STORED DATA START

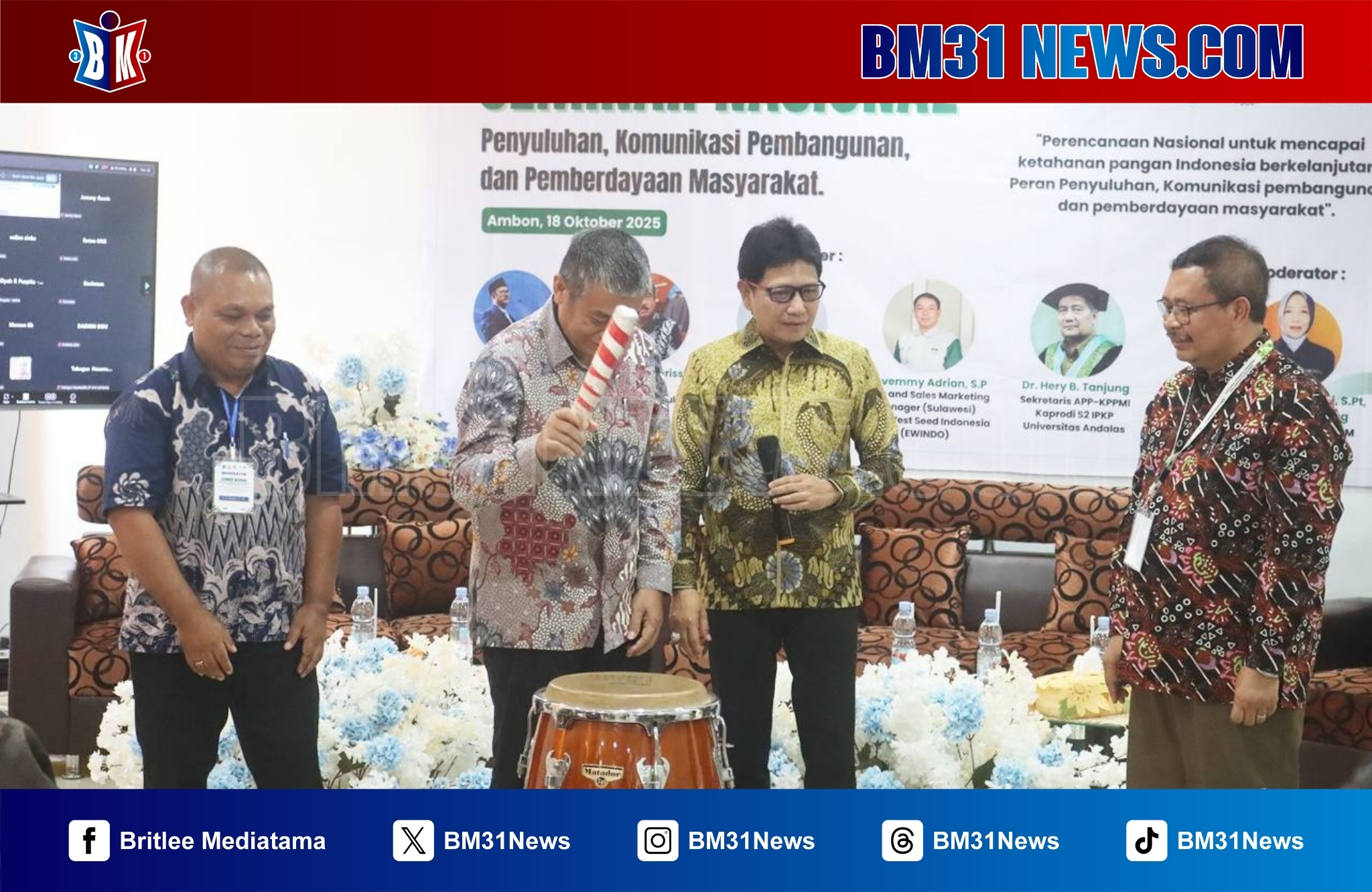 | Fakultas Pertanian Universitas Pattimura (Unpatti) menggelar Seminar Nasional Komunikasi Pembangunan dan Pemberdayaan Masyarakat bertema “Perencanaan Nasional untuk Mencapai Ketahanan Pangan Indonesia Berkelanjutan: Peran, Komunikasi Pembangunan dan Pemberdayaan Masyarakat”, Sabtu (18/10/2025) di Aula Lantai IV Gedung Laboratorium Terpadu Pendukung Blok Marsela, Ambon. Kegiatan ini bertujuan memperkuat kontribusi akademisi dan praktisi dalam membangun sistem pangan yang tangguh, mandiri, dan berkelanjutan di Indonesia.
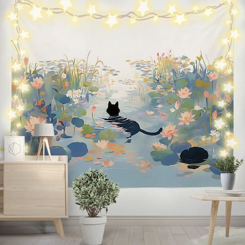 Material: pelúcia curta Tamanho: 150 cm × 130 cm Peso: 290 g Design charmoso para gatos — Apresenta um gato preto brincalhão nadando em um lago de lótus com flores coloridas, trazendo uma atmosfera caprichosa e relaxante a qualquer ambiente. Tecido macio de pelúcia curta — Feito de pelúcia curta de alta qualidade, macio, aconchegante, durável e resistente a rugas para uso decorativo diário. Decoração artística de parede versátil — funciona perfeitamente como tapeçaria, tapeçaria, decoração de dormitório, colcha, capa de sofá ou pano de fundo para fotografia estética. Fácil de pendurar e manter — Bordas reforçadas para maior durabilidade; leve, dobrável, lavável à máquina em água fria e de secagem rápida. Tamanho médio perfeito — mede 150 x 130 cm (59 x 51 polegadas), ideal para dormitórios, quartos ou salas de estar, criando uma atmosfera fofa no estilo anime.
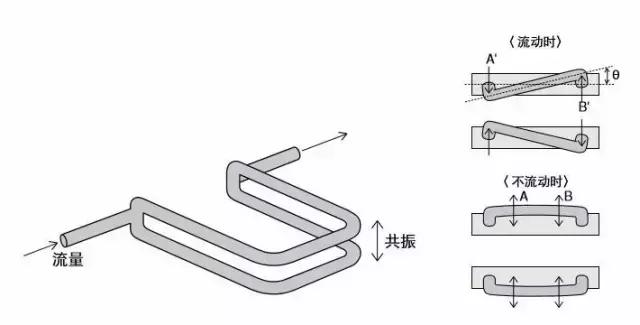 科里奥利式流量计在其自身内部利用称为科里奥利效应的 物理现象。如上图所示,流体流过振动的 U 形管时,流入 端 A 与流出端 B 之间会产生逆向的科里奥利效应,使 U 形 管扭曲。由于科里奥利效应与物体的重量和速度成正比关系,因此如果测量出扭曲量,便可知道质量和流量。
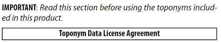 I’m no retard, but I had to look this word up. I needed to find out what kind of data license I was agreeing to. After finding that toponym means “a place name,” I find that I still have no idea what the fuck they are trying to say. I ripped this page out of the manual and fed it to my dog for his birthday.
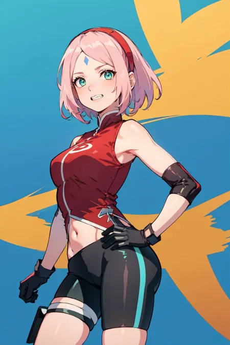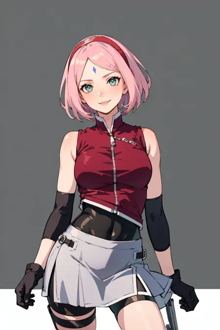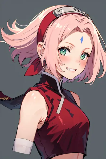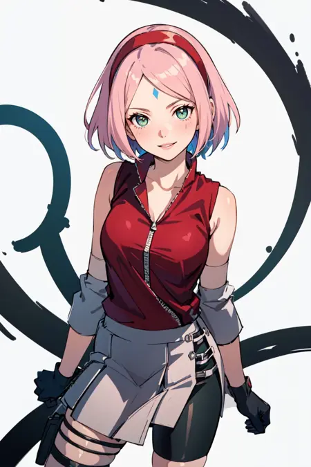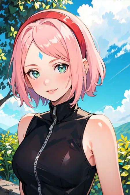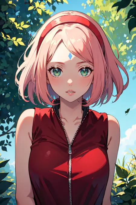 彼女の_オリジナルの衣装_を使う場合は、以下のタグを使用してください:pikkysakura, 1girl, solo, looking at viewer, pink hair, short hair, bangs, parted bangs, green eyes, breasts, medium breasts, forehead protector, hairband, headband, forehead mark, facial mark, red hairband, sleeveless, zipper, sleeveless jacket, red jacket, sleeveless shirt, red shirt, shirt, jacket
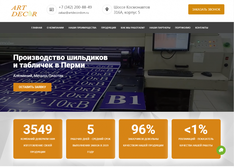 Разработали лендинг для компании «ArtDecor» (Пермь), занимающейся производством шильдиков, табличек и декоративных элементов. Основная задача — создать стильный сайт, который не только демонстрирует продукцию, но и продаёт. Учитывая, что клиент работает в нише, где важны и внешний вид, и точность исполнения, мы сделали ставку на уникальный дизайн и удобство восприятия информации.Ключевые решения проекта
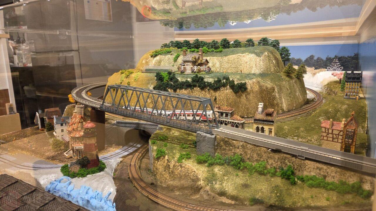 ・店内では、様々な列車が巨大ジオラマの中を走っている。
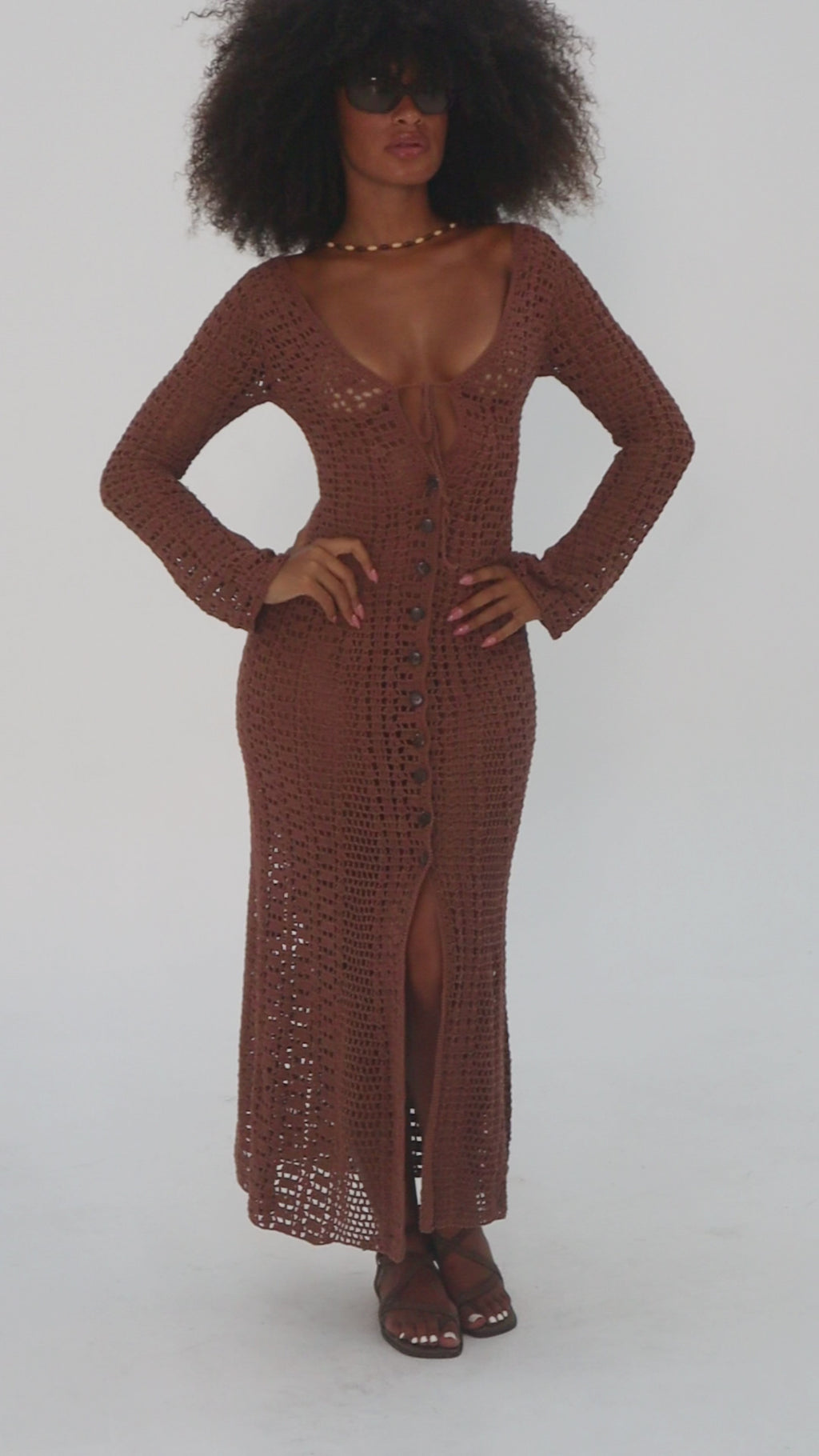 Lago Maxi in Cacao is a long maxi cover-up with a button-down front and adjustable tie at the bust. Designed with long sleeves and a subtle flared cuff for an easy, relaxed fit. Lightweight and breathable for beach and resort wear.
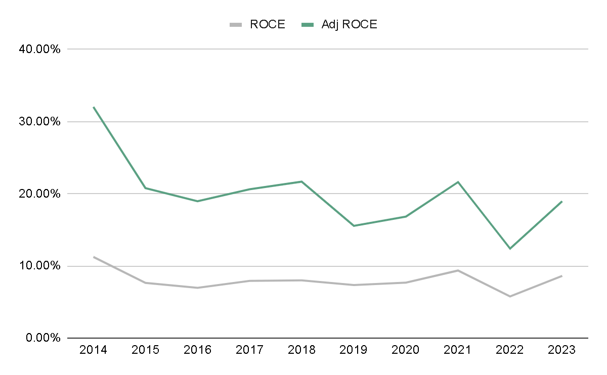 If we adjust this ratio by excluding goodwill, assuming a scenario where the company ceased acquiring companies regularly, the ratio would have averaged 20% over the last decade. This is a highly profitable business.
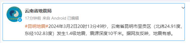 来源 云南省地震局微博、网友评论原标题:《刚刚,昆明地震了!》
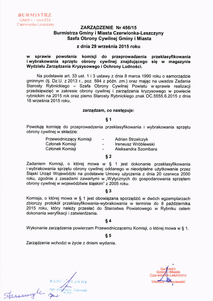 Wykonanie zarzqdzenia powierzam Przewodniczqcemu Komisji, o kt6re1 mowa w $ 1.
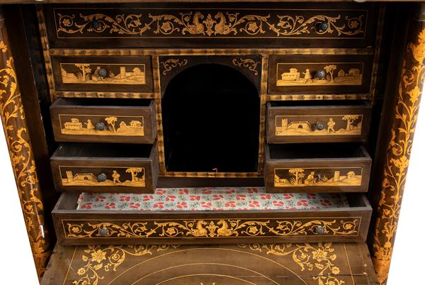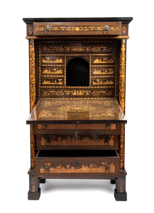 An elegant, finely inlaid secretary desk of Lombard origin, featuring rich decoration with floral, architectural, and figurative motifs in light woods against a dark background. The front is divided into three drawers, plus an upper drawer beneath the top, and a central flap decorated with a classical scene within an oval medallion.
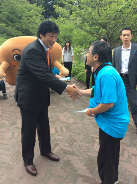 小橋さんは、肝炎の早期発見・早期治療について、武雄市に更なる協力を求める旨が述べられました。続いて、武雄市の小松政(こまつただし)市長から「佐賀県は10万人あたりの肝がんでの死亡率が13年連続でワースト1位です。そのため佐賀県では、県をあげて、肝炎対策を行っています。小橋さんが来て下さり、本当に力強い後押しを頂けたと思っております。 」と感謝の言葉が述べられました。

STORED DATA END

▶ PROBLEM TO SOLVE: Word for word, give again the lines from the first entry to the line with "科里奥利式流量计在其自身内部利用称为科里奥利效应的 物理现象。如上图所示,流体流过振动的 U", inclusive. Exclude the pictures.

▶ OUTPUT OF THE EXERCISE:
 | Fakultas Pertanian Universitas Pattimura (Unpatti) menggelar Seminar Nasional Komunikasi Pembangunan dan Pemberdayaan Masyarakat bertema “Perencanaan Nasional untuk Mencapai Ketahanan Pangan Indonesia Berkelanjutan: Peran, Komunikasi Pembangunan dan Pemberdayaan Masyarakat”, Sabtu (18/10/2025) di Aula Lantai IV Gedung Laboratorium Terpadu Pendukung Blok Marsela, Ambon. Kegiatan ini bertujuan memperkuat kontribusi akademisi dan praktisi dalam membangun sistem pangan yang tangguh, mandiri, dan berkelanjutan di Indonesia.
 Material: pelúcia curta Tamanho: 150 cm × 130 cm Peso: 290 g Design charmoso para gatos — Apresenta um gato preto brincalhão nadando em um lago de lótus com flores coloridas, trazendo uma atmosfera caprichosa e relaxante a qualquer ambiente. Tecido macio de pelúcia curta — Feito de pelúcia curta de alta qualidade, macio, aconchegante, durável e resistente a rugas para uso decorativo diário. Decoração artística de parede versátil — funciona perfeitamente como tapeçaria, tapeçaria, decoração de dormitório, colcha, capa de sofá ou pano de fundo para fotografia estética. Fácil de pendurar e manter — Bordas reforçadas para maior durabilidade; leve, dobrável, lavável à máquina em água fria e de secagem rápida. Tamanho médio perfeito — mede 150 x 130 cm (59 x 51 polegadas), ideal para dormitórios, quartos ou salas de estar, criando uma atmosfera fofa no estilo anime.
 科里奥利式流量计在其自身内部利用称为科里奥利效应的 物理现象。如上图所示,流体流过振动的 U 形管时,流入 端 A 与流出端 B 之间会产生逆向的科里奥利效应,使 U 形 管扭曲。由于科里奥利效应与物体的重量和速度成正比关系,因此如果测量出扭曲量,便可知道质量和流量。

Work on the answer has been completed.